Use of alpha-blockers can provide relief of urinary retention following de-catheterization for both men and women. In case, if catheter can't be negotiated, suprapubic puncture can be done with lumbar puncture needle.

Medication
Some people with BPH are treated with medications. These include tamsulosin to relax smooth muscles in the bladder neck, and finasteride and dutasteride to decrease prostate enlargement. The drugs only work for mild cases of BPH but also have mild side effects. Some of the medications decrease libido and may cause dizziness, fatigue and lightheadedness.

Catheter 
Acute urinary retention is treated by placement of a urinary catheter (small thin flexible tube) into the bladder. This can be either an intermittent catheter or a Foley catheter that is placed with a small inflatable bulb that holds the catheter in place.
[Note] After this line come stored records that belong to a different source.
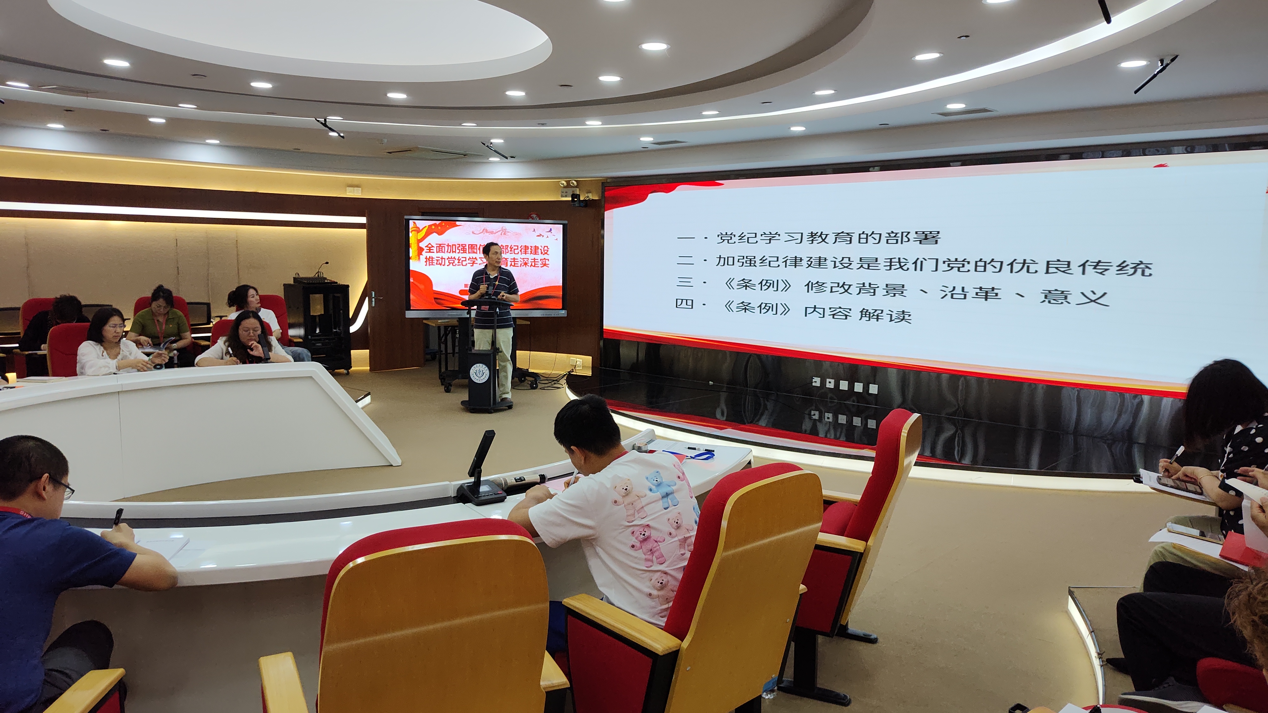 接着由党支部宣传委员刘晶老师领学,对《条例》中“工作纪律”和“生活纪律”两大内容进行重点讲解。刘晶老师通过列举负面清单、引用典型案例、对比新旧版内容等多种方式,详细介绍了《条例》第十章“对违反工作纪律行为的处分”和第十一章“对违反生活纪律行为的处分”的具体内容,帮助参加学习的全体党员、科级干部加深对“工作纪律”和“生活纪律”的理解。党员、干部务必要明晰言行的标尺和底线,要通过学习使铁的纪律真正转化为日常习惯和行动自觉,努力成为有政治、有方向、有形象、有人格的党员,成为优良党风的引领者、营造者、维护者。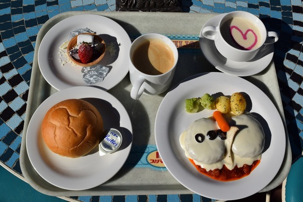 プラザパビリオン・レストラン スペシャルセットはハンバーグチーズのホワイトソース、白インゲン豆のクリームスープ、パンまたはライス、ミックスベリーとサワークリームのタルト、お飲物のチョイスで1,940円。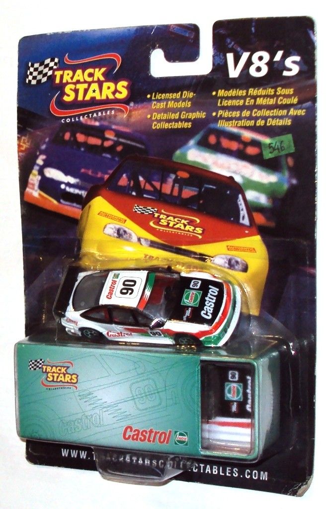 NÂș 546 of my 1/ 64 collection , is a Castrol Calibra V6 made by Track Stars in the 90's . Hard to find items , I have only this version , time to time they turn up on Ebay . I know at least a dozen or so of different liveries . Very nice competition colorful decorations , even if they doesn't represent a real race car . I think that Track Stars and Realtoy are related because both are 1994 type DTM cars . This model has a white body with black motor hood and rear spoiler and red / green stripes on the front and both sides of the car and 6 spokes WW wheels .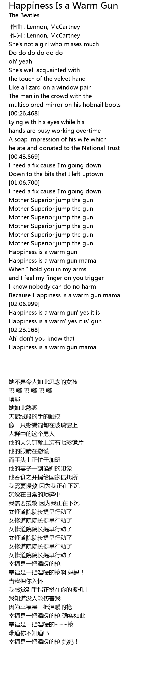 | [02:16.99] | Happiness is a warm' yes it is' gun |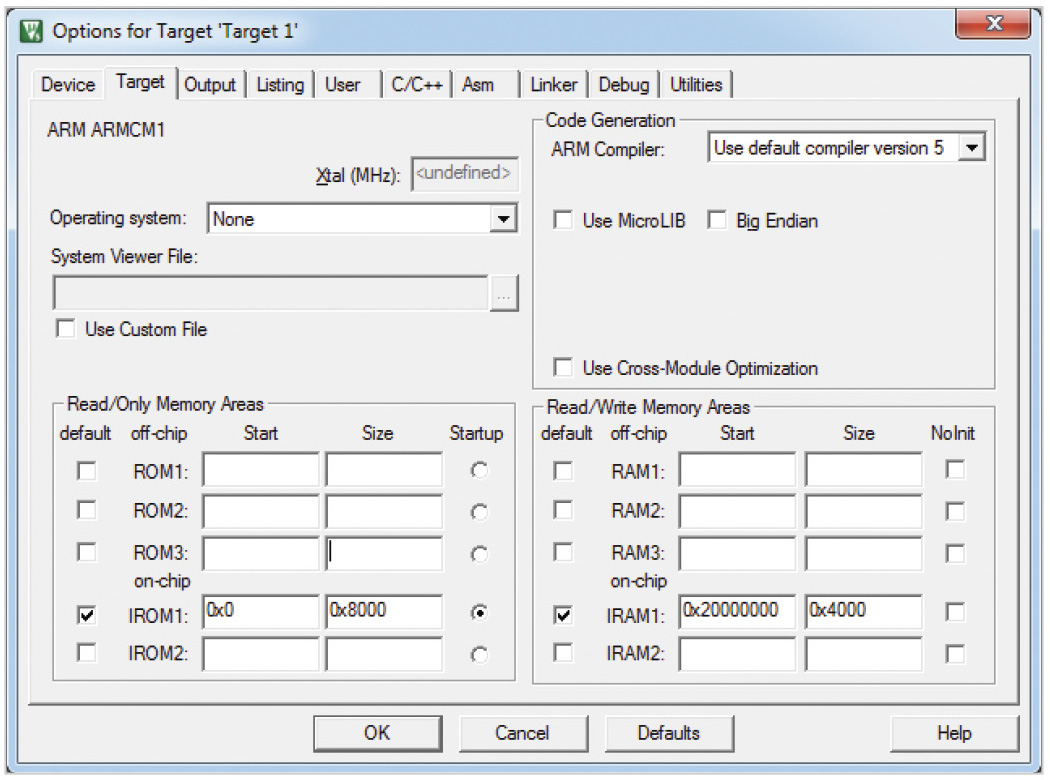 Затем приступаем к настройке проекта, выбрав в главном меню: Project > Options for Target «Target 1». Это окно имеет несколько страниц (вкладок). На странице «Device» должно быть выбрано целевое устройство ARMCM1. Во вкладке задания параметров целевой системы «Target» задаём значения стартовых адресов и размеров различных типов памяти, доступной в целевой системе, как показано на рис. 4. Для процессорного ядра Gowin_EMPU_M1 внутренняя память программ или внешняя память программ является памятью ROM (IROM1 на рис. 4), а внутренняя память данных или внешняя память данных является памятью RAM (IRAM1 на рис. 4).
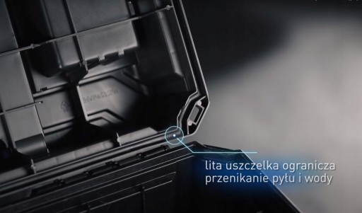 Lita uszczelka w górnej pokrywie zapewnia pyłoszczelność oraz odporność na zachlapanie wodą, dzięki czemu zawartość skrzynki jest chroniona nawet w trudnych warunkach pracy czy niesprzyjających warunkach atmosferycznych;

Intermittent catheterization can be done by a health care professional or by the person themselves (clean intermittent self catheterization).  Intermittent catheterization performed at the hospital is a sterile technique. Patients can be taught to use a self catheterization technique in one simple demonstration, and that reduces the rate of infection from long-term Foley catheters. Self catheterization requires doing the procedure periodically during the day, the frequency depending on fluid intake and bladder capacity. If fluid intake/outflow is around 1.5 litres per day, this would typically be performed roughly three times per day, i.e. roughly every six to eight hours during the day, more frequently when fluid intake is higher and/or bladder capacity lower.

For acute urinary retention, treatment requires urgent placement of a urinary catheter. A permanent urinary catheter may cause discomfort and pain that can last several days.

Older people with ongoing problems may require continued intermittent self catheterization (CISC). CISC has a lower infection risk compared to catheterization techniques that stay within the body. Challenges with CISC include compliance issues as some people may not be able to place the catheter themselves.

Surgery
The chronic form of urinary retention may require some type of surgical procedure. While both procedures are relatively safe, complications can occur.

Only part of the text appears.